The example given above is a solid starting point, and the only sections which should require changing for most filters would be the specific implementation of the isDocumentFilterable() and filter() methods - The rest is likely to be boilerplate common to all filters.

Pre-defined variables

As a result of extending the ScriptFilterProvider class, your filter will have access to the following instance variables :

A fileBeingFiltered string, which may contain a file object (ie. file path) indicating which file is being filtered (may be null if the filter is being run inline). It will be null if you test your script from the Groovy Console instead of running a collection filter phase.
A config object, which allows access to collection.cfg and global.cfg settings with a call like config.value("service_name")

Note also that the script class will have access to all the existing Funnelback Java Common classes as well as any JAR files which are added to the SEARCH_HOME/lib/java/all/ directory.

Caveats

No URL provided

In some cases the method public String filter(String input, String documentType, String url); will be called with the url parameter set to null. This can happen with some gather components for which an URL is not available at the time of the gathering (e.g. on non-web collections).

Examples

Extract Metadata Groovy filter

Below is an example filter which takes the content of the first H1 tag in the page, the base href URL, and creates an external metadata file mapping the content of the first H1 into the x metadata class.

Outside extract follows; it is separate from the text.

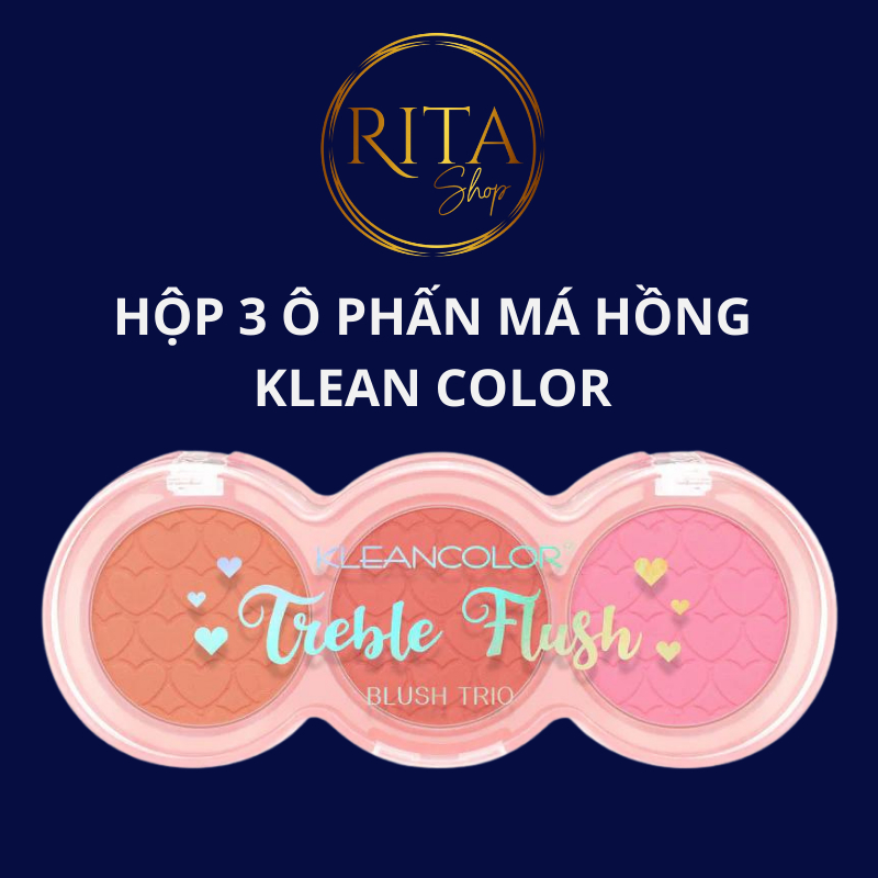 Hộp 3 ô phấn má hồng Kleancolor Treble Flush gồm các ô màu nhũ, lì lên màu chuẩn, mướt cho bạn sự đa dạng trong phong cách trang điểm

package com.funnelback.common.filter;
 
import com.funnelback.common.Environment;
 
public class ExtractMetadataExample extends com.funnelback.common.filter.ScriptFilterProvider {
 
  PrintWriter output;
 
  public ExtractMetadataExample(String collectionName, boolean inlineFiltering) {
    super(collectionName, inlineFiltering);
 
    File outputFile = new File(Environment.getValidSearchHome(), "conf" + File.separator + collectionName + File.separator + "external_metadata.cfg");
    output = new PrintWriter(new FileWriter(outputFile));
  }
 
  // We filter all documents
  public Boolean isDocumentFilterable(String documentType) {
    return true;
  }
 
  // Take first h1 tag content and put it into an external metadata file
  public String filter(String input, String documentType) {
    // Look for h1 tags case insensitive and ignoring newlines
    def h1Matcher = input =~ /(?is).*<h1>(.*?)<\/h1>.*/;
 
    if (h1Matcher.matches()) {
      // Look for the document's URL
 
      // (!) in inline filtering the DOCHDR is not available. In that
      // case you need to implement a different method, instead of
      // filter(input, documentType) you can implement filter(input, documentType, url)
      def urlMatcher = input =~ /(?is).*<base href="(.*?)">.*/;
 
      if (urlMatcher.matches()) {
        String line = urlMatcher[0][1] + " x:\"" + h1Matcher[0][1] + "\"";
        output.println(line);
      }
    }
 
    // No content changes - return the input
    return input;
  }
 
  public void cleanup() {
    if (output != null) {
      output.flush();
      output.close();
    }
    super.cleanup();
  }
 
  // A main method to allow very basic testing
  public static void main(String[] args) {
    def f = new ExtractMetadataExample("dummy-collection", false);
    println(f.filter("<base href=\"example_url\"> \n"
      + "<h1>example metadata</H1>", ""));
  }
}

You can run this script on the command line using:

$SEARCH_HOME/tools/groovy/bin/groovy -cp "$SEARCH_HOME/lib/java/all/*" ExtractMetadataExample.groovy

Another method you may find useful is:

import com.funnelback.common.utils.HTMLUtils;
     
String modifiedHTML = HTMLUtils.insertMetadata(String html, String metadataName, String metadataValue);

which allows you to insert a given metadata name/value pair into some HTML.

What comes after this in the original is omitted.